ちなみに、此処の追試は時間制限が無く、ちゃんと全て答えを埋めるまで
終わらせて貰えない。つまり、ちゃんと回答を埋めないと、試験監督の
教師にまで迷惑を掛ける事態に……。

「……揃いましたかね、では、追試試験を開始……、その前に、1人
足りませんね、いつもの事ですが……」

試験監督の禿げた教師はずり落ちたメガネを押し上げる。そう、
追試試験の人数が1人足りない。……モザイオである。彼も
ジャミル同じく当然赤点を取り、追試は確実だった。だが、姿は
見えず。いつもの事らしく、教師はもう諦めムードだった。

「後でまた彼の事は学院長に伝えておきますので、では、此処に
いる皆さんだけで追試を始めます、制限時間は各自無制限、終わった
者から速やかに引き上げる様に……」

……終わってなくてもとっとと引き上げさせろとジャミ公……。
問題用紙を確認。
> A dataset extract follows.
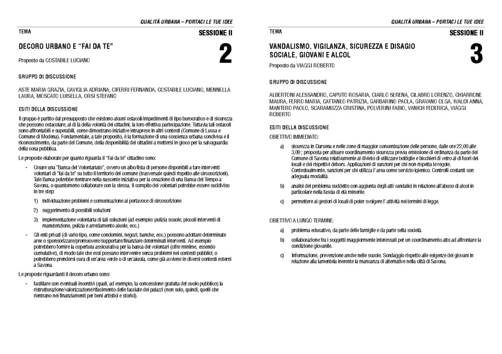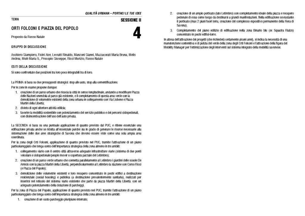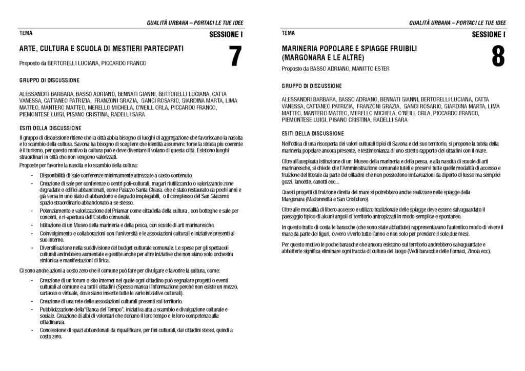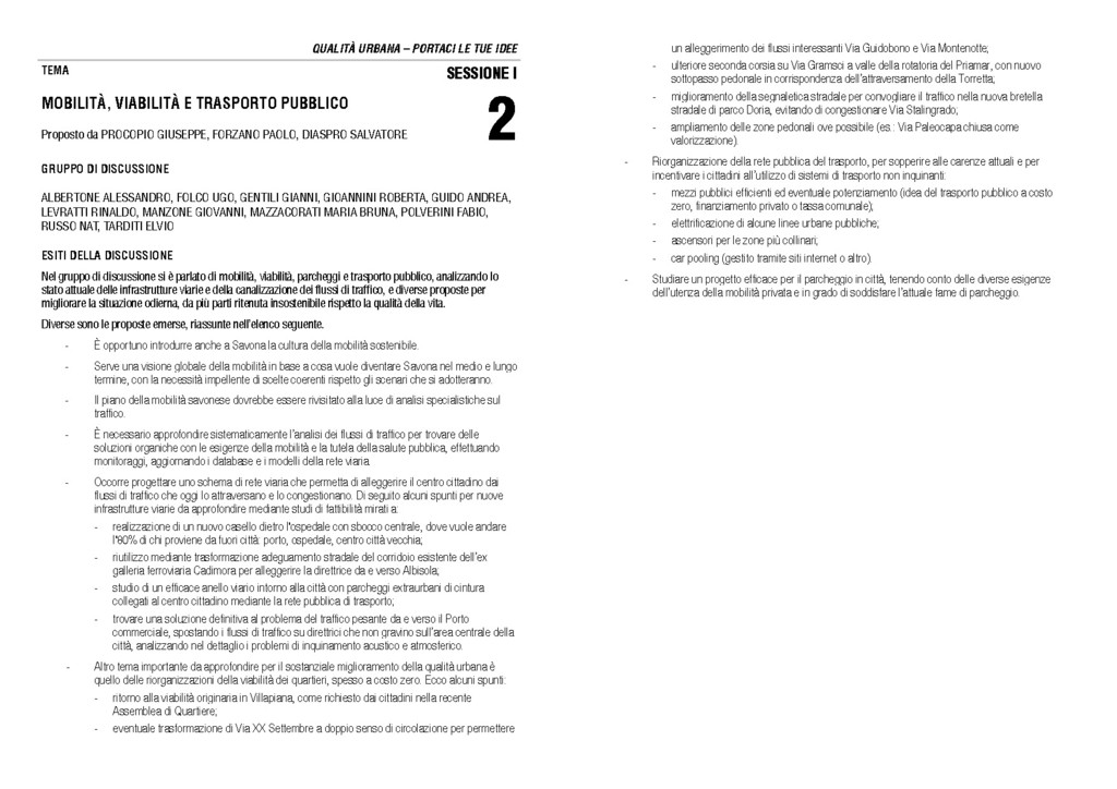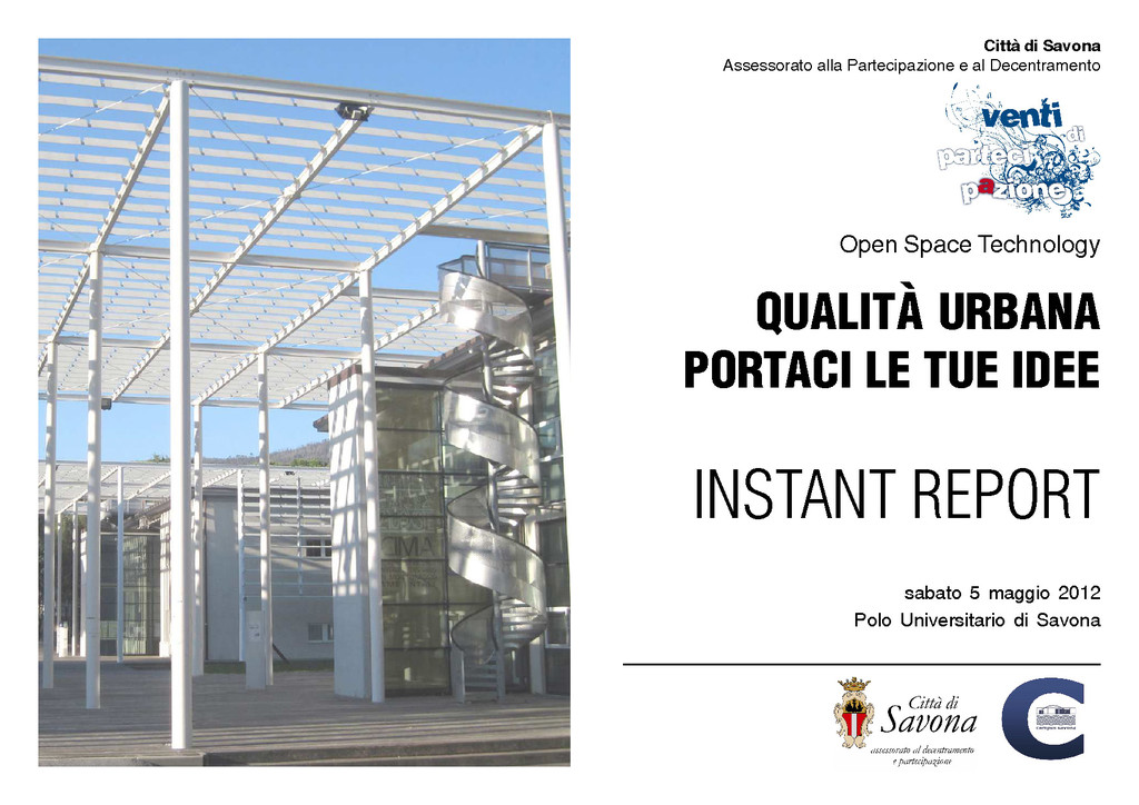 Sabato 9 giugno 2012 alle ore 10 nella Sala Rossa del Palazzo Civico di Savona si terrà il Forum sulla Qualità Urbana durante il quale verranno esaminate le tematiche discusse durante l’Open Space Technology dello scorso 5 maggio.

口を3の字にし、鼻の下に鉛筆を挟み、
変な顔になった……。

「君は確か、学院長の推薦でお仲間と此処に入学されたのでしたかね、
あなただけ、どうにも成績が余り……、の、様ですが……、とにかく
頑張って下さい……」

「うっす……」

試験が漸く終わったのは……、21時。しかも、最後まで残った
頑固者は、やっぱり言うか、ジャミル1人。終わるのを只管
待っていた試験監督教師も、ジャミル本人も……、それはもう
フラフラである。しかも、合格点に追いつける筈がなく、
取りあえず、今日の処は終わったと達成感、ジャミルは教師に
頭を下げ、教室を出た。

「……ううう~、飯ーーっ!!俺の生姜焼きちゃーーんっ!!
またいつかーーっ!!」

教室内で、誰かがコケて倒れた様な音がした。ジャミルの声におったまげ、
多分試験監督がすっころんだと思える。だが、構わずジャミルはのそのそ、
誰もいなくなり、暗くなってしまった学院の廊下を歩き出した……。

「よう……、今晩は……」

「……?お、お前……」

本日はもう誰もいなくなったと思われた学院にこっそり隠れ残っていた
人物。その人物は廊下の角から、のっそりとジャミルの前に姿を現す。
……モザイオであった。

「え~と、ジャミルサン……、だっけ?アンタに話があってさ、
こうしてさ、ずっと待ってたのさ……、俺、偉いっしょ……」

モザイオは腕組みをし、ニヤニヤしながらジャミルを見ている。
明らかに何か企んでいるのがもう見え見えだった。